La
revolución bolivariana desmejoró de una manera dramática el bienestar de la
población en Venezuela. ¿Cómo ocurrió?
Depresión económica de Venezuela Venezuela padece un desabastecimiento de alimentos
y medicinas, por una crisis industrial y la insuficiencia de divisas para
importar.
A partir de 2004 los países productores de materias
primas en América Latina disfrutaron una década de expansión, basada en un
incremento de sus precios, que aumentó el valor de las exportaciones y los ingresos del Estado, mejoró
los términos de intercambio, aceleró el ingreso nacional e impulsó la demanda
interna.
En Venezuela la aceleración del crecimiento se financió con una larga
bonanza petrolera y un endeudamiento público desbocado.

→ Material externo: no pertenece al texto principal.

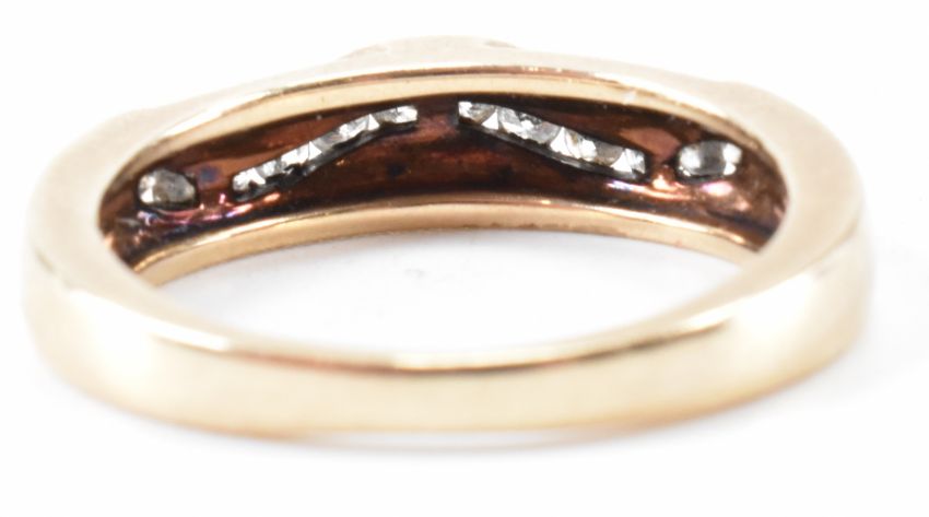 A hallmarked 9ct gold and diamond band ring. The ring set with 12 round brilliant cut diamonds to a tapering band. Import mark Sheffield. Sponsor AG. Estimated total diamond weight 0.14ct. Weight 3.43 g. Size K.5.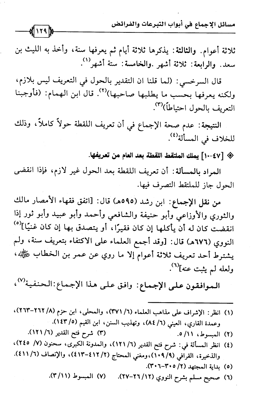 • من نقل الإجماع: ابن رشد (595 هـ) قال: [اتفق فقهاء الأمصار مالك والثوري والأوزاعي وأبو حنيفة والشافعي وأحمد وأبو عبيد وأبو ثور إذا انقضت كان له أن يأكلها إن كان فقيرًا، أو يتصدق بها إن كان غنيًا] (¬5) النووي (676 هـ) قال: [وقد أجمع العلماء على الاكتفاء بتعريف سنة، ولم يشترط أحد تعريف ثلاثة أعوام إلا ما روي عن عمر بن الخطاب -رضي اللَّه عنه-، ولعله لم يثبت عنه] (¬6).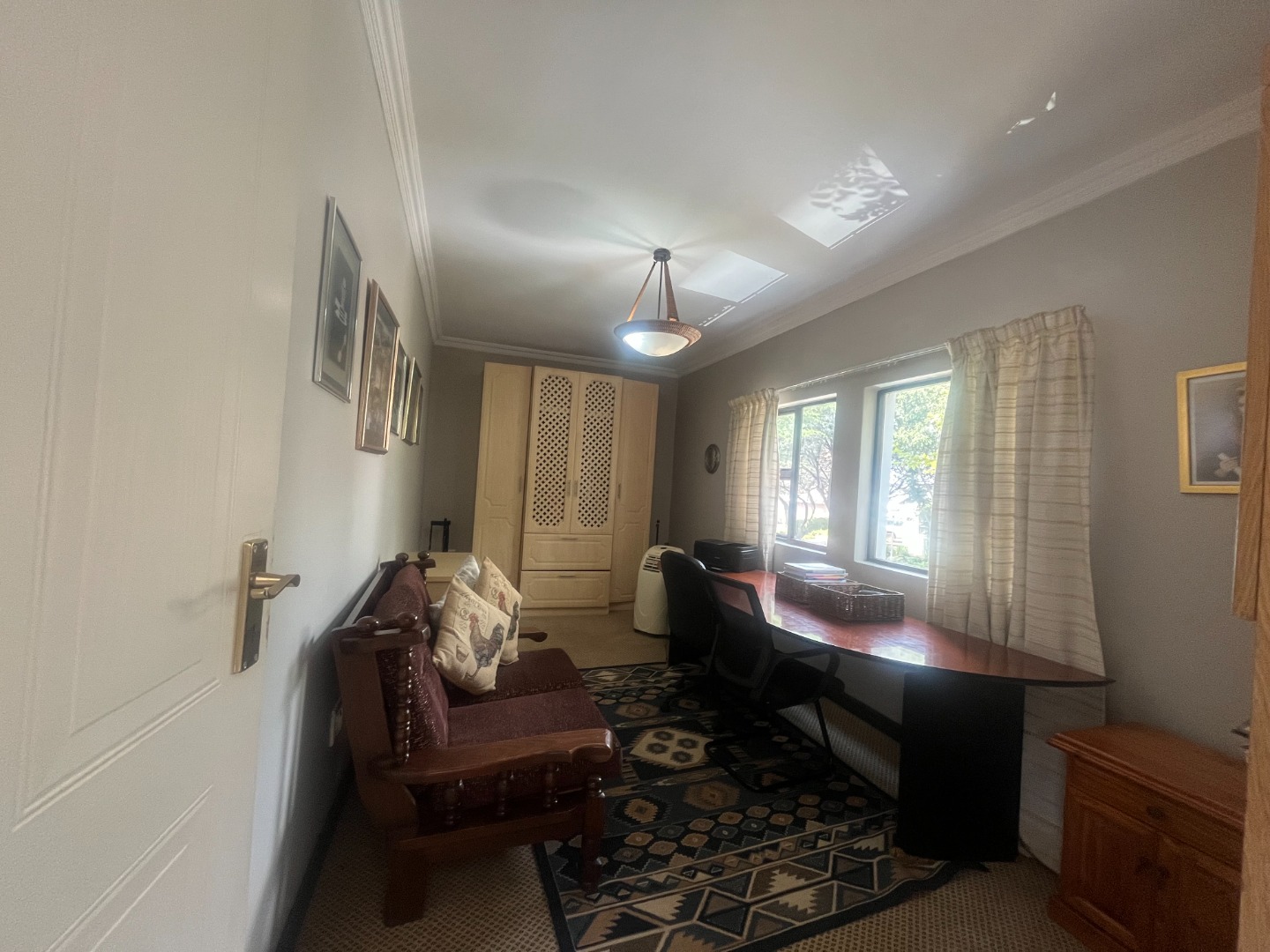 The interior features five well-appointed bedrooms and three bathrooms, including a lovely en-suite, providing ample space and privacy. The residence is designed for versatile living with two spacious lounges, a dedicated dining room, and a functional kitchen. Additional practical spaces include a study, an entrance hall, a guest toilet, and a family TV room, ensuring every need is met.

El sector privado quedó al margen de la expansión, porque
el Estado extendió el control sobre la economía.
La
fortaleza de la moneda desmejoró la competitividad de la industria y el control
de cambios la condenó a la obsolescencia tecnológica.
A pesar de la atrofia de la industria, en la época de
abundantes ingresos externos una alta proporción del creciente consumo de los hogares se satisfizo con las
importaciones.
Aunque los países exportadores de materias primas en la
región tuvieron un choque similar cuando cayeron sus precios entre 2012 y 2014, su impacto en Venezuela
excedió con creces el promedio de la región.
Este resultado se debió a que el gobierno no ahorró
durante el auge, dilapidó la renta petrolera, acrecentó el déficit fiscal (a 14% del PIB en 2016) y
aumentó la deuda del Estado.
Cuando cayeron los precios de los hidrocarburos, las
autoridades no pudieron desahorrar ni colocar deuda adicional para amortiguar el descenso del ingreso
nacional y sostener la demanda.
En consecuencia, la actividad económica se deprimió a
partir de 2014, con una
pérdida acumulada que podría llegar a 32% en 2017.
Con
la poca liquidez externa disponible, el gobierno privilegia el servicio de la
deuda pública sobre las importaciones.
La falta de materias primas y bienes intermedios
importados profundizan la depresión y agravan la escasez de alimentos y
medicinas. Por ello la
inflación se dispararía a 1.134% en 2017, estimulada por la financiación
monetaria del déficit fiscal.
De modo inevitable, con la depresión colapsó el bienestar
de la población. Entre
2012 y 2017, el PIB real por habitante disminuyó 35%, mientras que el salario
mínimo cayó 75% en términos reales, 88% en dólares y 86,7% en las calorías que
puede consumir. Como efecto de ello, la población pobre aumentó de 48% a 82%
del total entre 2014 y 2016. Al mismo tiempo, 74% de ella perdió de manera
involuntaria 8,6 kilogramos de peso en promedio, la mortalidad de los pacientes
se incrementó 10 veces y la infantil 100 veces.
Detener esta tragedia exige frenar la caída de la
actividad económica y la destrucción de capital, tanto físico como humano. Para lograrlo, es preciso
transformar las instituciones en unas que sean amigables con la iniciativa
privada y que instauren un marco sólido para el diseño y la implementación de
la política económica. Con ello se conseguiría devolverle al país la
confianza de los inversionistas, para ensanchar el acceso a los mercados
internacionales de capital y a los fondos de las instituciones multilaterales. El problema es que para lograrlo
quizá se requiera de una nueva revolución.